One of the primary advantages of incorporating your business, large or small, is to protect your personal assets from business liabilities. When you form a corporation, limited liability company, or similar business entity, a “corporate veil” is created between your personal assets and your business. What most people either don’t know or don’t take seriously, however, is that you must do more than simply form the corporate entity and register it with the state. The entity must be properly managed to avoid the risks of personal loss through a legal doctrine called “piercing the corporate veil.” Simply said, if you don’t want your entity disregarded, don’t disregard it yourself.
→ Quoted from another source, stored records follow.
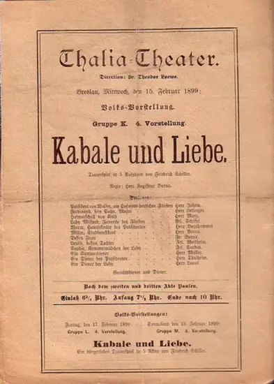 Thalia - Theater (Breslau). - Direction: Theodor Loewe. - Schiller, Friedrich von: Programmzettel zu: Kabale und Liebe. Trauerspiel in 5 Akten. Regie: Herr Barna. Aufführung: 15. Februar 1899. (Aus der Breslauer Theater - Zeitung).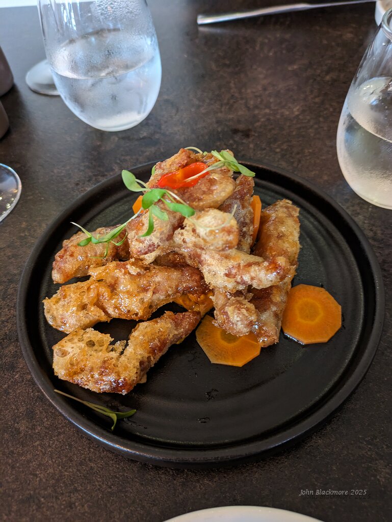 Crispy chilli beef, carrot purée, furikake, pickled carrot, black rice vinegar glaze
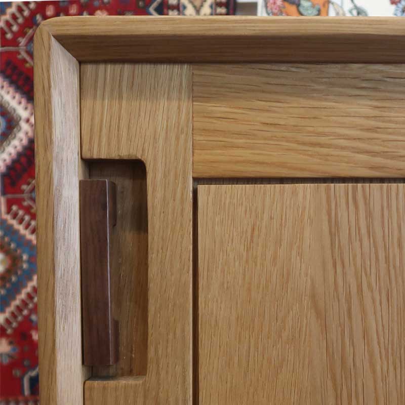 高級感あるウォールナットの取っ手と無垢だからできる強固なほぞ構造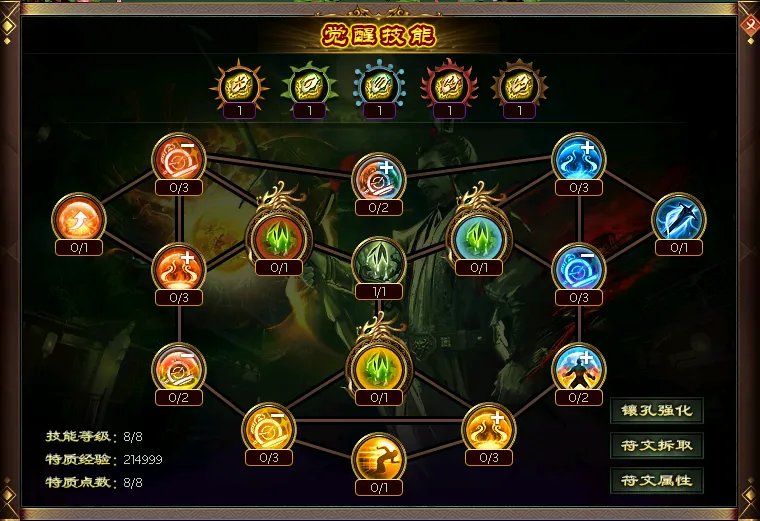 2、学习天赋需要特质点数,特质点可以通过升级符文镶孔强化与技能等级提升获得,一共可获得28点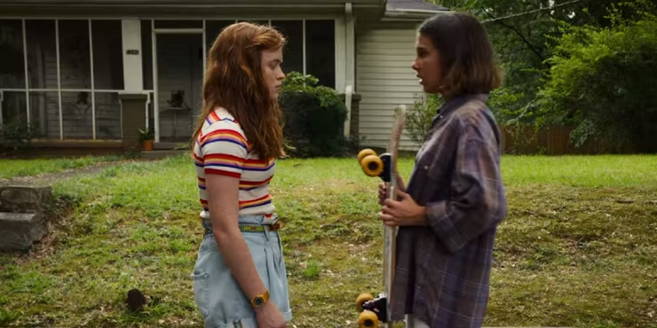In the Stranger Things episode "The Piggyback," Eleven spots a young Max skating in Los Angeles. In the recollection, young Max is challenged by a teenager who is making fun of her for skating, and she responds, "Shouldn't you bag your face?," while flashing her trademark middle finger. The recollection itself doesn't add much to Max's character development because it merely confirms what is already known about her. Max has tomboyish hobbies, she has always experienced hardship, and she utilises dismissiveness and sass as emotional coping techniques.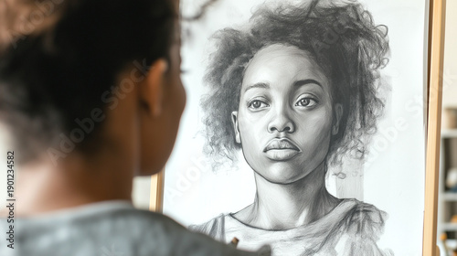 Afro-American teenage girl draws self-portrait in a quiet room during afternoon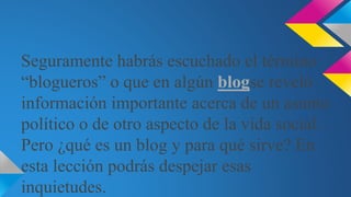 El documento explica qué es un blog y para qué sirve. Un blog es una página web en la que se publican regularmente artículos cortos sobre temas específicos. Los blogs permiten a las personas expresar sus ideas, intereses y opiniones. Aunque originalmente los blogs eran espacios personales, ahora gran parte de la información en internet se encuentra en blogs creados por personas de diferentes edades y profesiones.

Let me tell you about my friend Steve. He’s a great guy, a successful real estate broker and no dummy. During his career he invested wisely in his own real estate portfolio and had significant assets to protect. So, when Steve decided to form his own boutique brokerage, he did the smart thing: he incorporated. He was joined by three real estate agents who were enticed to leave their big-name brokerage because Steve offered them partial ownership in the corporation. They each made a capital contribution to fund the business for a few months until some of their deals closed. In addition to receiving commissions, they split corporate profits at an agreed-upon percentage.
Everything was fine during the real estate market boom. In order to capitalize on the market, they developed the habit of taking almost all the profit out of the business to fund their personal investments. If they ran short, they just pooled the money together to put back into the business to pay the bills. They never found time for meetings or kept corporate records. Then the sudden slowdown came. The market tanked and left the brokerage with a massive debt they couldn’t pay because they weren’t selling property.
Together they agreed to file corporate bankruptcy. Unfortunately, the bankruptcy judge wasn’t buying it. Under the doctrine “piercing the corporate veil”, (in bankruptcy it’s known as “substantive consolidation”) the judge determined that Steve and his friends had so blatantly disregarded the separate corporate entity and used the corporation as a tool for personal business that they were not entitled to protection of their personal assets. Need I go on?
In order to preserve protection against personal liability you must show that you have a real business, not just a sham created to dodge personal liability. While Steve’s brokerage was, in fact, real, the courts won’t uphold protection when the corporate privilege is misused to protect fraud, misrepresentation or promote other injustice. Such misuses include:
- under-capitalization
- a failure to observe entity formalities
- commingling of funds
- insolvency at the time of a transaction
- siphoning of funds by those owning or controlling the entity
- or the absence of corporate records.